## Work to be completed
Of the lines below, write out exactly those from the line with "4. Roll up the" through the line with "devil rampaging in modern city", both included, and skip the rest.

## Supplied data
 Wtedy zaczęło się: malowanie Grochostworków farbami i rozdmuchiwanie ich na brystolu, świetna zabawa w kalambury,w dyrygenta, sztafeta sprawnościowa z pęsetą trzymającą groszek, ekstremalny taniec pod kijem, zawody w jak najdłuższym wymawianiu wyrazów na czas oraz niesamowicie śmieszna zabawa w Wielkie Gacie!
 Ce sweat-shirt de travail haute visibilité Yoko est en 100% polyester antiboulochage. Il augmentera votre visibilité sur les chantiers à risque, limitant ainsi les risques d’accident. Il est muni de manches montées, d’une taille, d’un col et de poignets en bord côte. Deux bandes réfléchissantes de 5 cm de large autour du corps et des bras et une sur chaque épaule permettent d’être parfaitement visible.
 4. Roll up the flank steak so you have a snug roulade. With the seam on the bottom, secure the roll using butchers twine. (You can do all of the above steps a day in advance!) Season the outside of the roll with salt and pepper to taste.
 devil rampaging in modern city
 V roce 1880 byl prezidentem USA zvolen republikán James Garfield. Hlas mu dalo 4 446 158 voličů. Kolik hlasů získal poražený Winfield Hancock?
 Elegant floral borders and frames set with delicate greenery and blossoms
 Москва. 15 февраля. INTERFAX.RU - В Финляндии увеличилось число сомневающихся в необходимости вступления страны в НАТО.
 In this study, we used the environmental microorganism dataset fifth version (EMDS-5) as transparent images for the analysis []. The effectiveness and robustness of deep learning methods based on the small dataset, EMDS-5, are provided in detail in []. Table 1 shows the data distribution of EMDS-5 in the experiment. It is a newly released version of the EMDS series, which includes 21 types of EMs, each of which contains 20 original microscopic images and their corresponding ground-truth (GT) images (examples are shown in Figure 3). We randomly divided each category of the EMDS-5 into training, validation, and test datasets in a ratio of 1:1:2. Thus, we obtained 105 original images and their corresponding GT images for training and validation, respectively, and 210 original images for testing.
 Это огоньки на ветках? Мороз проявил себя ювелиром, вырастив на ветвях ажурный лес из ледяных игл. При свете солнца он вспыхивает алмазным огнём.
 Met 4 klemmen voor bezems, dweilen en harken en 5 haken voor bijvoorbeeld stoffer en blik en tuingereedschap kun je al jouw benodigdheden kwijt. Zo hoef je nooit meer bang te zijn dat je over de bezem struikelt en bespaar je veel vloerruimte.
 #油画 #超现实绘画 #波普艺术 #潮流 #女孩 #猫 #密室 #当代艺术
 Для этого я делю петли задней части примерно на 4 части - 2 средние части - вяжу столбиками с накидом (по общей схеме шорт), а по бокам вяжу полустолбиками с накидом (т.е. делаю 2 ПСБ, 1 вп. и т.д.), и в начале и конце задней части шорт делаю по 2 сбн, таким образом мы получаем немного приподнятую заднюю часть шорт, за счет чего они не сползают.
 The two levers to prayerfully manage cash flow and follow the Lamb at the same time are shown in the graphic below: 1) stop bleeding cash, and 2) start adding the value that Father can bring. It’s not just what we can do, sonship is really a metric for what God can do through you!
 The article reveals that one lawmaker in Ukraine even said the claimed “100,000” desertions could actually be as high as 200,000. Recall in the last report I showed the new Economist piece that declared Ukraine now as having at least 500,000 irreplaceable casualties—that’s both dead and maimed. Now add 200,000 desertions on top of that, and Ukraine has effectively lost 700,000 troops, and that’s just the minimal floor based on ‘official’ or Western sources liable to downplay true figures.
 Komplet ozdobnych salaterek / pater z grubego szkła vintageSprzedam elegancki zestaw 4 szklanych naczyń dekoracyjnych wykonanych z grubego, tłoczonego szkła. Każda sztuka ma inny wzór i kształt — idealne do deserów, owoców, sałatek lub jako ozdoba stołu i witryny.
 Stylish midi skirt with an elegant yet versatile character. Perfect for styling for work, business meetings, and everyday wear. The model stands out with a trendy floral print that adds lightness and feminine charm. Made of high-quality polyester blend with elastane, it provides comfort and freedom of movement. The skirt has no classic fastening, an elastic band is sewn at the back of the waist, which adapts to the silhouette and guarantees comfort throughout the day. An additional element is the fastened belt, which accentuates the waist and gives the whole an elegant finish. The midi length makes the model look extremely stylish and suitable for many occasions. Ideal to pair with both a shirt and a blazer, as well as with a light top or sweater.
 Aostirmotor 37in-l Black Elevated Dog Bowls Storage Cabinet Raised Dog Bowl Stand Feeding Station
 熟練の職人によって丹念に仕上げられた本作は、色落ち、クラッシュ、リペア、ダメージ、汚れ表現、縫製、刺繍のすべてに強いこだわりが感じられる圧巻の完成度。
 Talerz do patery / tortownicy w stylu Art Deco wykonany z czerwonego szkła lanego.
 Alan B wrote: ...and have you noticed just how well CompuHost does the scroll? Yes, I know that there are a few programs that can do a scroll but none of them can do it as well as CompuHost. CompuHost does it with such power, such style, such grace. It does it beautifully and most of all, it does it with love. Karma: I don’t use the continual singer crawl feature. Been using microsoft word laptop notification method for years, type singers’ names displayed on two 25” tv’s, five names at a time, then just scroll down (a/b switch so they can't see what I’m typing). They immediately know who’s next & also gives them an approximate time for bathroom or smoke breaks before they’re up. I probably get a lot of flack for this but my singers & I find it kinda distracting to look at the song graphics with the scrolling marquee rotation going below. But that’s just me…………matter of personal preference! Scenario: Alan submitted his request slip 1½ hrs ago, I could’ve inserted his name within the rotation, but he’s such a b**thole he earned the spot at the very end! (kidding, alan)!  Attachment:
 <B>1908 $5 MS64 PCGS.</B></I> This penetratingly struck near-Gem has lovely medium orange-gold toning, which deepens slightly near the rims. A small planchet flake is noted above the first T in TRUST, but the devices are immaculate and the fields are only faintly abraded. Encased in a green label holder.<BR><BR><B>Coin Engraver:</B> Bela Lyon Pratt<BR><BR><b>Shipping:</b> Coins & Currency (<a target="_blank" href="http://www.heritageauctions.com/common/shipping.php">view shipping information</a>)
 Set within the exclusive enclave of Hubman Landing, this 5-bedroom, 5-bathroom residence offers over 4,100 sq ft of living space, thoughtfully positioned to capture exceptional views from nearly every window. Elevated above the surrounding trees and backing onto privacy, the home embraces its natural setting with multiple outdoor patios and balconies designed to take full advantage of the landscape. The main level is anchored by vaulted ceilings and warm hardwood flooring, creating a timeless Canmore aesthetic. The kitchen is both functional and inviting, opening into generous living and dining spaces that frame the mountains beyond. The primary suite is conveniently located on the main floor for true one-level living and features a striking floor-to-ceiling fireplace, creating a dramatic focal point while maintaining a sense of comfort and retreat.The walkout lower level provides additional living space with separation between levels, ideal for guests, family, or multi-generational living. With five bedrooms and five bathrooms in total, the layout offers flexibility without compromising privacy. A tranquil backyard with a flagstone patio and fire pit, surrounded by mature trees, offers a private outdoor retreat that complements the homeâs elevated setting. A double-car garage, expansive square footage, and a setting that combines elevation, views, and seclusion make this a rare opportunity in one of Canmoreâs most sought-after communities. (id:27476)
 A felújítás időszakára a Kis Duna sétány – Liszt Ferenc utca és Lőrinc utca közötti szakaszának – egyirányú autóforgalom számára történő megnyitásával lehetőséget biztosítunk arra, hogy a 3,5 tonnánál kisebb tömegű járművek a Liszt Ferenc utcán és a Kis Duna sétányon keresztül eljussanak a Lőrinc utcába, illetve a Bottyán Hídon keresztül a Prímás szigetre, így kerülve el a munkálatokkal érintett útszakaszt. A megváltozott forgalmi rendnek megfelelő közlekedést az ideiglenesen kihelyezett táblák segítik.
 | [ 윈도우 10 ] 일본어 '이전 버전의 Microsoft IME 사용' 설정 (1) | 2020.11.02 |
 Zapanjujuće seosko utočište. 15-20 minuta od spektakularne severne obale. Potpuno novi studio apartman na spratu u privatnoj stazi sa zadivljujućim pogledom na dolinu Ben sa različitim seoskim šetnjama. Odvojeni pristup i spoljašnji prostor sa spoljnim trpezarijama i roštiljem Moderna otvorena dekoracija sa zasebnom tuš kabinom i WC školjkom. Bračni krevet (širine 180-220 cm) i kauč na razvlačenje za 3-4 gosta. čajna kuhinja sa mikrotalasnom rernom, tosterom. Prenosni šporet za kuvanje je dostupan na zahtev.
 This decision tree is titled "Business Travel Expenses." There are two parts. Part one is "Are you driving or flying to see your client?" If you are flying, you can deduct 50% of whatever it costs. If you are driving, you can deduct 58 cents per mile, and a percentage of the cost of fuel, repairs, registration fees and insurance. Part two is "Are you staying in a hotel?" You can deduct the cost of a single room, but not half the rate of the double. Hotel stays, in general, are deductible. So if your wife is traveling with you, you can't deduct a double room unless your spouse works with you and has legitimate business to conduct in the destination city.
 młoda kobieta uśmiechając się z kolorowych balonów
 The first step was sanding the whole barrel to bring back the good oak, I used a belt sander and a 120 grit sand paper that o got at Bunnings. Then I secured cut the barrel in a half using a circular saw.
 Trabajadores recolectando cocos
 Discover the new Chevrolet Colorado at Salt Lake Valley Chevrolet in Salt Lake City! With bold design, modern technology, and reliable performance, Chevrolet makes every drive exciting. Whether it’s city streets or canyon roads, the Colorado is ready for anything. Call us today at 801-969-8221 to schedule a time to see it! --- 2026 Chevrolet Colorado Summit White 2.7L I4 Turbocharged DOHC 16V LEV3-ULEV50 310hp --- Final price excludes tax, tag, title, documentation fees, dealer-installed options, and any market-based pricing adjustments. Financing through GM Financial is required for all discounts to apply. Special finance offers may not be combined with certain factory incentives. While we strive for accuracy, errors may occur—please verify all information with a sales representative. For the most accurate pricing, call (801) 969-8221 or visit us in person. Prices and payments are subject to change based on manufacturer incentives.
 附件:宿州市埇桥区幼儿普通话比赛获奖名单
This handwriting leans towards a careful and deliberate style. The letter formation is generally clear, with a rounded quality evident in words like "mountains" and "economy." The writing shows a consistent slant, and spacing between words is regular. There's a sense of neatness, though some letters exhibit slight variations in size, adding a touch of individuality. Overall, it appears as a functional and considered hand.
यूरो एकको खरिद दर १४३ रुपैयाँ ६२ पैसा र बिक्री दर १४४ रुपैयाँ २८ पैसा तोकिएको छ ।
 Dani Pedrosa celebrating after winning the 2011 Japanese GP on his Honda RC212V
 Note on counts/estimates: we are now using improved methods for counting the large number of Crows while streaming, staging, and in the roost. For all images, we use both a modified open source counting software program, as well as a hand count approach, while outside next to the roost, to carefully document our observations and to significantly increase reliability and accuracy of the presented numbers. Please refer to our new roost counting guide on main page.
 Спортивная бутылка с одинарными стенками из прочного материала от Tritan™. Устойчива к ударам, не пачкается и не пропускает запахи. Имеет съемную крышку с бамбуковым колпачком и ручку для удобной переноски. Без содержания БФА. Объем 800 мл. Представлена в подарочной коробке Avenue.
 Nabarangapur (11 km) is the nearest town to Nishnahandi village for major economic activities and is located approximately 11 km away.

## Problem solution
 4. Roll up the flank steak so you have a snug roulade. With the seam on the bottom, secure the roll using butchers twine. (You can do all of the above steps a day in advance!) Season the outside of the roll with salt and pepper to taste.
 devil rampaging in modern city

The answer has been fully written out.